Her role in California involved many different tasks in different areas. Initially, Dr. Thew Hackett visited different counties to assist in opening Disaster Recovery Centers (DRC). These centers allowed residents to go and register with FEMA in order to receive assistance. Before the centers were open, Dr. Thew Hackett would perform a site assessment to make sure the potential site was accessible for a Disaster Recovery Center. When conducting the site assessment, she had to ensure the site was accessible for people with disabilities and for different functional needs. Professor Thew Hackett would go to the site, take pictures and measurements, and write a report that also included some recommendations on how the particular site could improve accessibility. This type of work typically has a 1 or 2-day turnaround as FEMA wants to open DRCs at multiple locations for the survivors as quickly as possible. 

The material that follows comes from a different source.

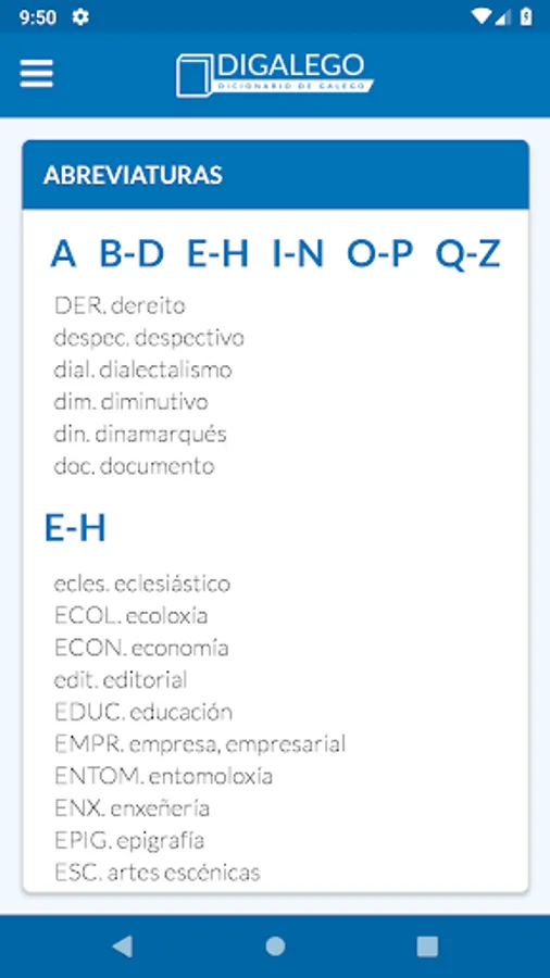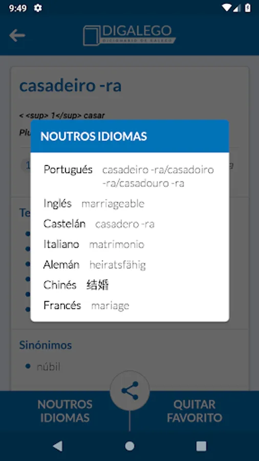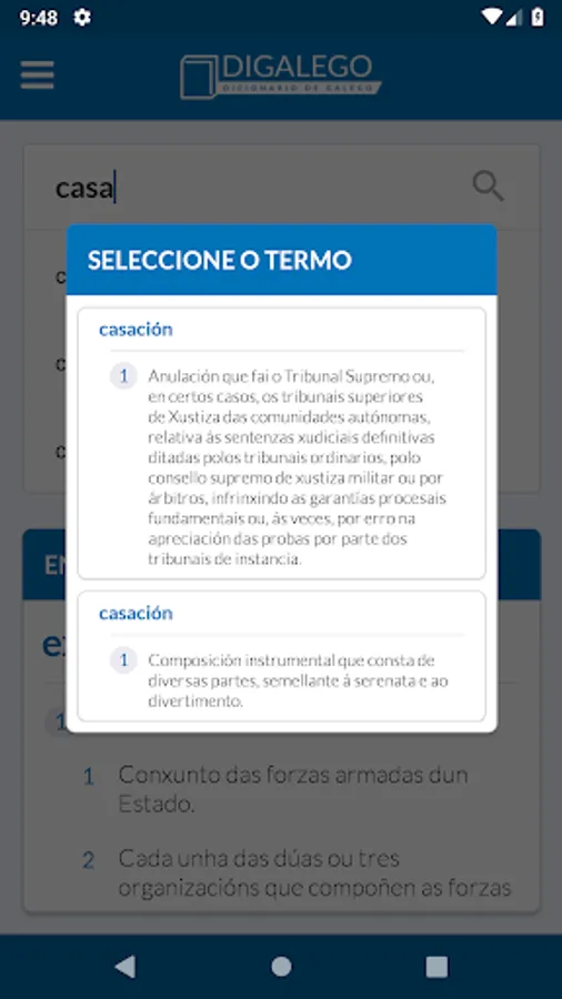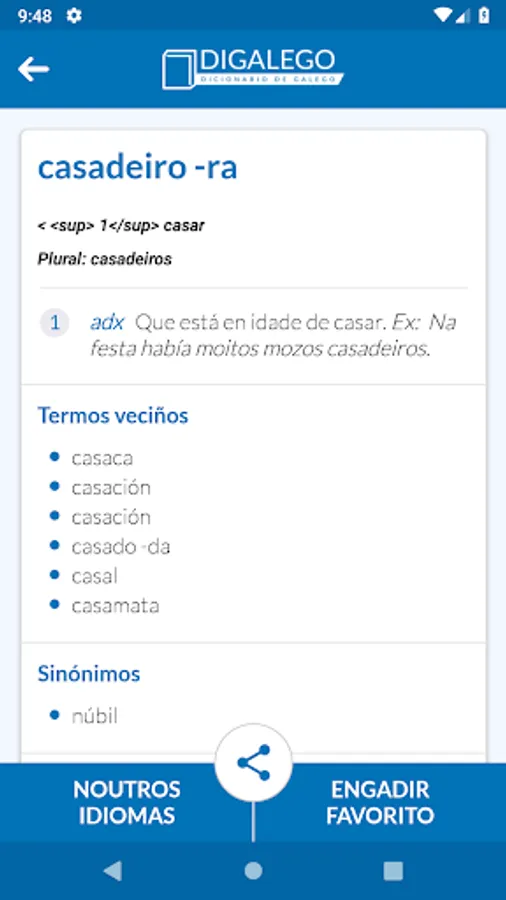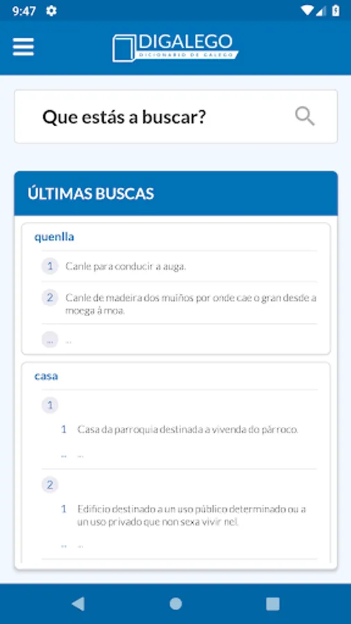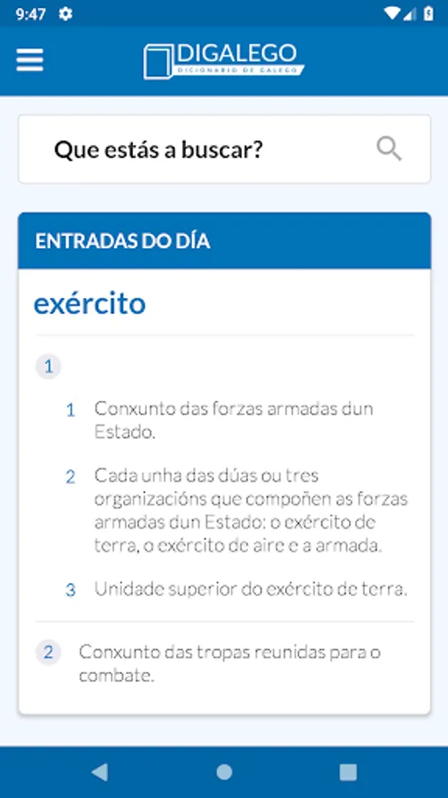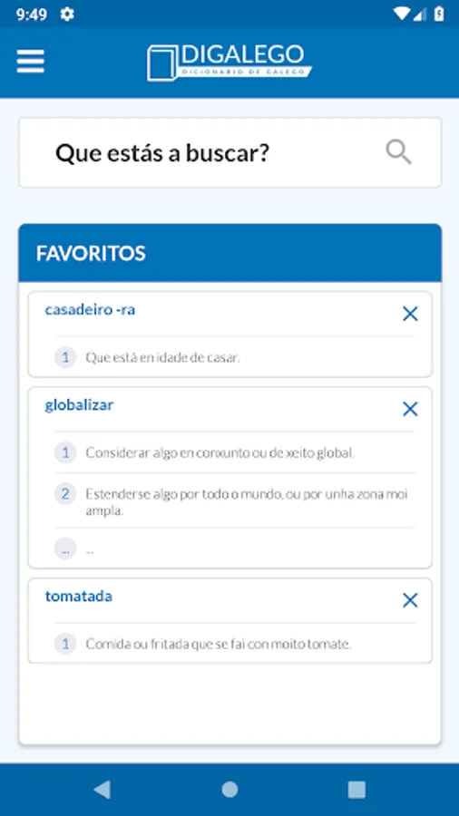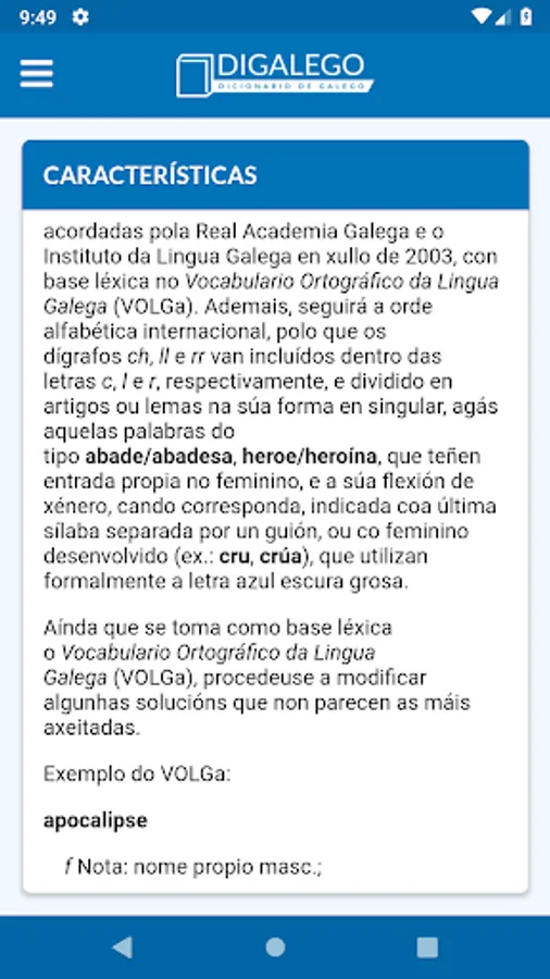 The application of Digalego, official app of the Xunta de Galicia, allows the search of terms in the Galician dictionary on the Internet, allowing access to its definition, associated multimedia resources, neighboring terms, synonyms, phrases made, etc.

Once the Disaster Recovery Center was open, Dr. Thew Hackett would go back to the site to evaluate the path of travel to ensure accessibility, and to train DRC staff on how to use different accessible tools that individuals with disabilities could benefit from utilizing.  Some of the tools included a pocket talker, reading or magnifying glasses to help with vision, iPads to provide captioning or remote interpreting, and visual cards to assist people who have difficulties with communication.  Each Disaster Recovery Center had a table with all of these tools. Dr. Thew Hackett would also train the DRC staff on some cues indicating that the survivors might be struggling with hearing or reading. From there, the DRC staff can encourage the individual to try some of the accessibility tools to lessen some of the communication frustrations during the application process. The pocket talker is the most reported tool that is used at each center, and many hard-of-hearing individuals shared their appreciation of this tool, given that the DRC is often a noisy environment. 

Another task Professor Thew Hackett performed was reaching out to local representatives in the community who served people with disabilities, to share information about the Disaster Recovery Center and the assistance that FEMA would provide for people that come to the DRCs. Dr. Thew Hackett explained,

“People with disabilities are often left out of these types of processes and do not receive accurate information about disaster assistance. We reach out to partners in the community that might be able to disseminate FEMA information to people with disabilities.”

Lastly, Dr. Thew Hackett participated with the disaster survivor assistance (DSA) crews. This is a FEMA crew that goes into communities within days after a disaster. They walk through affected areas as a small group. DSA crews primarily focus on addressing the needs of underrepresented populations that may be hard to reach by traditional channels. Sometimes these individuals have not been able to get out of their home due to washed-out roads or bridges, or their vehicle has been damaged from the disaster. For some individuals with disabilities, this might mean that their ramp that connects the individual to the outside of the house has been damaged or washed out. Hackett would go door-to-door with the DSA crew, letting people know about the resources available at the DRCs. Also, she also teaches the DSA crew some cues that might indicate that someone in the house might have disability or access and function needs, and how to build rapport with the families to collect the information for services. Building rapport is essential to earn trust, especially when we show up to homes wearing our FEMA uniform. 

Dr. Thew Hackett shared,

“Working for FEMA allows me to ensure that individuals with disabilities or access and function needs are not left behind during the critical period of recovery after a disaster”

The sooner the recovery begins with support, the sooner we can begin the healing process through rebuilding. This is a critical aspect for overall psychological and social well-being.